I have natural, subtle blonde highlights in my hair that change through the year. He has naturally dark hair. We both have dark brown eyes, though I think his are a bit darker. He's tall, about five foot eight, I'm five foot two. (Almost.) I'm small compared to him.
That's why my mom wants us to get together, get married, and have babies. She think they'll be adorable. (Not with my features. I'm very insecure.)
I'm like, "Woah! I've never even been kissed yet! We're only 14! We are not exactly Romeo and Juliet."
Don't get ahead of yourself, Mother. He's sending out mixed signals right now. I'm not sure if he likes me or the other girl yet. If he does like me, still, do not get your hopes up. We are only teens!
Here's my philosophy about mixed signals:
If you like me, say it!
If you don't like me, say it!
If you like another girl, say it.
If you just wanna be friends, say it!
If you want to kiss me, do it!
I'm just as shy as you, trust me. I don't know how to kiss, I barely know how to hug. I'm waiting for my first kiss. I don't expect anything "romantic," cause I'm not into all that shit. I like subtle things, laid back, not all romance.
But the holidays are coming up, so I'm hoping to get to know him a bit better without my heart nearly jumping into my throat and making me choke on my own spit.
He always comes over for Thanksgiving and Christmas and Halloween. And last Christmas, my aunt literally squished us together in a hug. He hugged back and I didn't wanna let go, but I had to.
Can I be anymore obvious?
I know he loves fantasy books just like me. In fact, he bought me the rest of the Divergent Trilogy for Christmas last year.
And when that happened, my cousin shouted, "Boyfriend and Girlfriend!"

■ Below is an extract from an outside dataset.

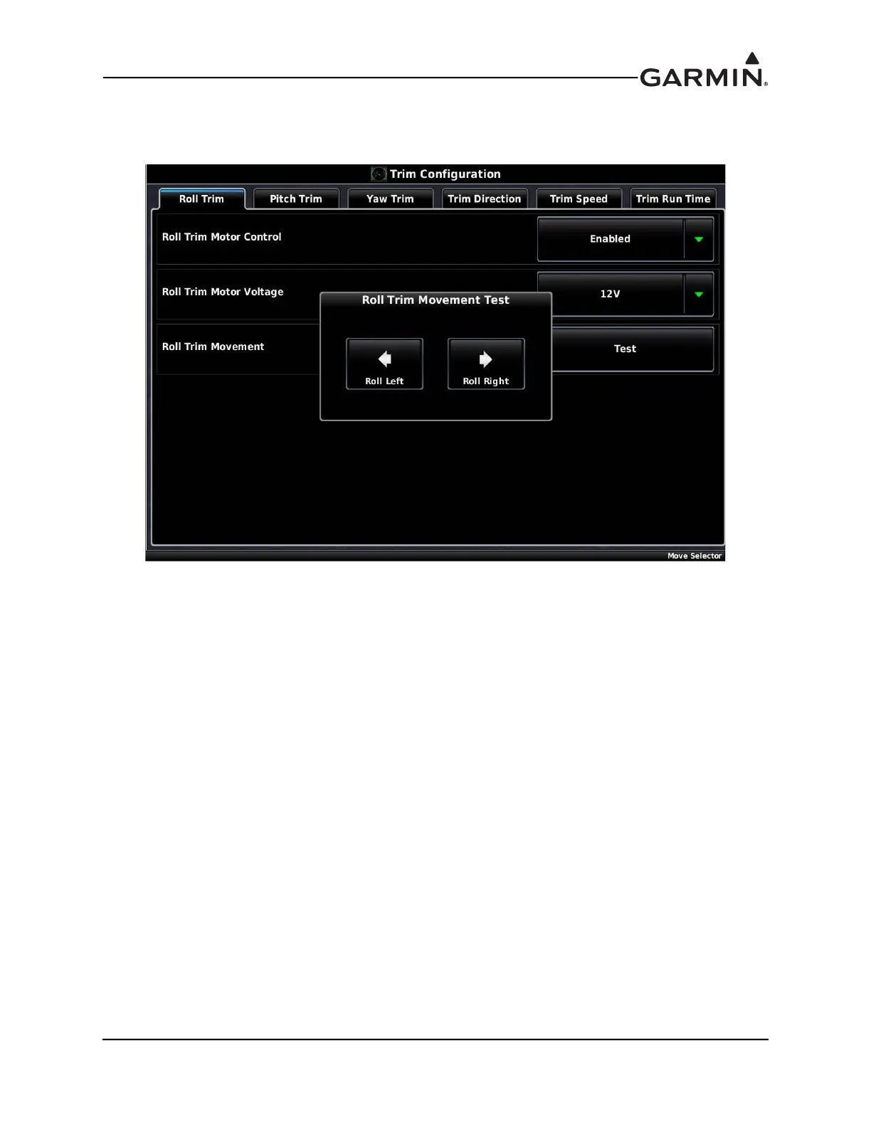 Roll Trim Movement Test popup window.

We both never said anything but we were both smiling and blushing. I just pretended like it never happened. But I wish it was real, him and I.
We'll see what happens later on with us. If I can keep a straight face and prevent myself from shaking when I talk to him, maybe I can see who he really likes. I just don't wanna get my hopes up too high in fear of being totally crushed and my self esteem plummets even further to the core of the Earth than it already is right now.
I'm dreading to ever hear the words, "I just wanna be friends" or "I'm sorry, but I don't want to date you."
I see how he looks at me, and it seems he wants to come up to me, but I'm not sure of anything just yet.
I've been to his house many times, I just went to his house for his mom's birthday last month. Even though my anxiety went through the roof, it was fun when I finally warmed up and was playing games with him. We were just talking and laughing everything we saw.
He raised his voice for the first time, or the first time I'd ever heard. His sister and little cousins were being loud, and we couldn't hear the Bop-it, so he yelled at her to shut up.
He was laughing and I was, too. I had the most fun in a very long time that night, and I was upset when I had to leave because of my aunt, who was by my side the entire night.
He'll come up to me if he sees me by myself, and we actually ate together on Christmas Eve, right before we opened gifts. We were just talking and laughing. It was honestly one of the best nights of my life.
At the end of that night, I ended up passed out in my room with Insurgent by my side. It was the only thing I really wanted that year, and he got it for me.
You don't know how wide I'm smiling right now!
And then on Sunday when he called me and personally invited me to his house for the party, it made me really smile. But then I couldn't go. -.- Thanks, Mom.
Anyway, there you go. There's a lot more moments, but those are the main ones. This already too long and I've got class at nine am.
Feel free to comment on what you thought of this or what you think of him based on what I told you.
This is not edited, sorry. I'm too busy smiling and yawning.
~
FAM: This is the only real crush I've ever had.